Tuesday, April 15, 2008

Amsterdam, Canals




This place is called "9 bridges canal" because sailing over you can see all 9 bridges in the arck of the first one!



This is the nerrowest canal in the city, houses face the water and its width is about 1 meter only!






Much of the Amsterdam canal system is the successful outcome of city planning. In the early part of the 17th century, with immigration at a height, a comprehensive plan was put together, calling for four main, concentric half-circles of canals with their ends resting on de IJ bay. Known as the "grachtengordel", three of the canals are mostly for residential development (Herengracht or ‘’Gentleman's Canal’’; Keizersgracht or ‘’Emperor's Canal’’; and Prinsengracht or ‘’Prince's Canal’’), and a fourth, outer canal, the present Nassau/Stadhouderskade, for purposes of defense and water management. The plan also envisaged interconnecting canals along radii; a set of parallel canals in the Jordaan quarter (primarily for the transportation of goods, for example, beer); the conversion of an existing, inner perimeter canal (Singel) from a defensive purpose to residential and commercial development; and more than one hundred bridges. The defensive purpose of the Nassau/Stadhouderskade was served by moat and earthen dikes, with gates at transit points but otherwise no masonry superstructures.
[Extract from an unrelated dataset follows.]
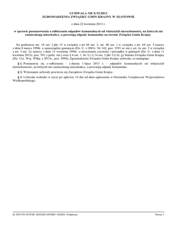 UCHWAŁA NR X/32/2013 ZGROMADZENIA ZWIĄZKU GMIN KRAJNY W ZŁOTOWIE z dnia 22 kwietnia 2013 r. w sprawie postanowienia o odbieraniu odpadów komunalnych od właścicieli nieruchomości, na których nie zamieszkują mieszkańcy, a powstają odpady komunalne na terenie Związku Gmin Krajny Na podstawie art. 18 ust. 2 pkt 15 w związku z art 69 ust. 3, art. 40 ust. 1 w związku z art. 64 ust. 3 ustawy z dnia 8 marca 1990r. o samorządzie gminnym (Dz. U. z 2001r. Nr 142, poz. 1591 ze zm.), art. 6c ust. 2 w związku z art. 3 ust. 2a ustawy z dnia 13 września 1996r. o utrzymaniu czystości i porządku w gminach (Dz. U. z dnia 11 kwietnia 2012r. poz. 391 z późn. zm.) oraz § 6 ust. 1. lit. l) i § 14 ust. 2 pkt 13) lit. g) Statutu Związku Gmin Krajny (Dz. Urz. Woj. Wlkp. z 2013r., poz. 3094), Zgromadzenie Związku Gmin Krajny uchwala, co następuje: § 1. Postanawia się o odbieraniu - z dniem 1 lipca 2013 r. - odpadów komunalnych od właścicieli nieruchomości, na których nie zamieszkują mieszkańcy, a powstają odpady komunalne. § 2. Wykonanie uchwały powierza się Zarządowi Związku Gmin Krajny. § 3. Uchwała wchodzi w życie po upływie 14 dni od dnia ogłoszenia w Dzienniku Urzędowym Województwa Wielkopolskiego. Id: RNYTE-WZFHC-KHXDZ-MNSRU-XDIZO. Podpisany Strona 1 Uzasadnienie do uchwały w sprawie postanowienia o odbieraniu odpadów komunalnych od właścicieli nieruchomości, na których nie zamieszkują mieszkańcy, a powstają odpady komunalne na terenie Związku Gmin Krajny W związku ze zmianą ustawy z dnia 13 września 1996r. o utrzymaniu czystości i porządku w gminach (Dz. U. z 11 kwietnia 2012r. poz. 391 z późn. zm.) opracowana została uchwała w sprawie postanowienia o odbieraniu odpadów komunalnych od właścicieli nieruchomości, na których nie zamieszkują mieszkańcy, a powstają odpady komunalne na terenie Związku Gmin Krajny. Stosownie do art. 6c ust. 2 w/w ustawy rada gminy (odpowiednio zgromadzenie związku międzygminnego) może, w drodze uchwały stanowiącej akt prawa miejscowego, postanowić o odbieraniu odpadów komunalnych od właścicieli nieruchomości, na których nie zamieszkują mieszkańcy, a powstają odpady komunalne. Konsekwencją przejęcia tego zadania jest powstanie po stronie właścicieli nieruchomości, na których nie zamieszkują mieszkańcy obowiązku uiszczenia opłaty za gospodarowanie odpadami komunalnymi. Taki obowiązek powstaje za każdy miesiąc, w którym na danej nieruchomości powstały odpady komunalne. W przypadku przedmiotowych nieruchomości opłata za gospodarowanie odpadami komunalnymi stanowi iloczyn liczby pojemników z tymi odpadami, powstałymi na danej nieruchomości oraz stawki opłaty ustalonej przez Zgromadzenie. Opłata ta stanowi dochód Związku. Z pobranych opłat za gospodarowanie odpadami komunalnymi Związek Gmin Krajny pokrywa koszty funkcjonowania systemu gospodarowania odpadami komunalnymi, które obejmują koszty odbierania, transportu, zbierania, odzysku i unieszkodliwiania odpadów komunalnych, tworzenia i utrzymania punktów ich selektywnego zbierania oraz obsługi administracyjnej tego systemu. Nieruchomościami, na których nie zamieszkują mieszkańcy, a powstają odpady komunalne są m.in. budynki użyteczności publicznej (budynki urzędów, szkół, przedszkoli, żłobków, stowarzyszeń, fundacji, obiekty służby zdrowia i pomocy społecznej itp.), lokale rzemieślnicze produkcyjne i nieprodukcyjne, lokale gastronomiczne i handlowe, obiekty noclegowe oraz ogrody działkowe, a także obiekty przemysłowe. Mając na uwadze stworzenie spójnego i efektywnego systemu gospodarowania odpadami komunalnymi konieczne jest rozwiązanie polegające na przejęciu przez Związek Gmin Krajny, w drodze uchwały Zgromadzenia Związku Gmin Krajny, stanowiącej akt prawa miejscowego, obowiązku organizacji odbioru odpadów komunalnych od właścicieli nieruchomości niemieszkalnych, na których powstają odpady komunalne. W związku z powyższym, podjęcie uchwały jest uzasadnione. Przewodniczący Zgromadzenia Ireneusz Baran Id: RNYTE-WZFHC-KHXDZ-MNSRU-XDIZO. Podpisany Strona 1

Construction proceeded from west to east, across the breadth of the lay-out, like a gigantic windshield wiper as the historian Geert Mak calls it – not from the center outwards as a popular myth has it. Construction of the north-western sector was started in 1613. After 1656, with the canals in the southern sector also already finished for some time, building in that sector too was started, although slowly. The eastern part of the concentric canal plan, covering the area between the Amstel river and the IJ bay, was never implemented. In the following centuries, the land went mostly for parks, old age homes, theaters and other public facilities – and for waterways without much plan.

Over the years, several canals have been filled up and are now streets or squares, such as Nieuwezijds Voorburgwal and Spui.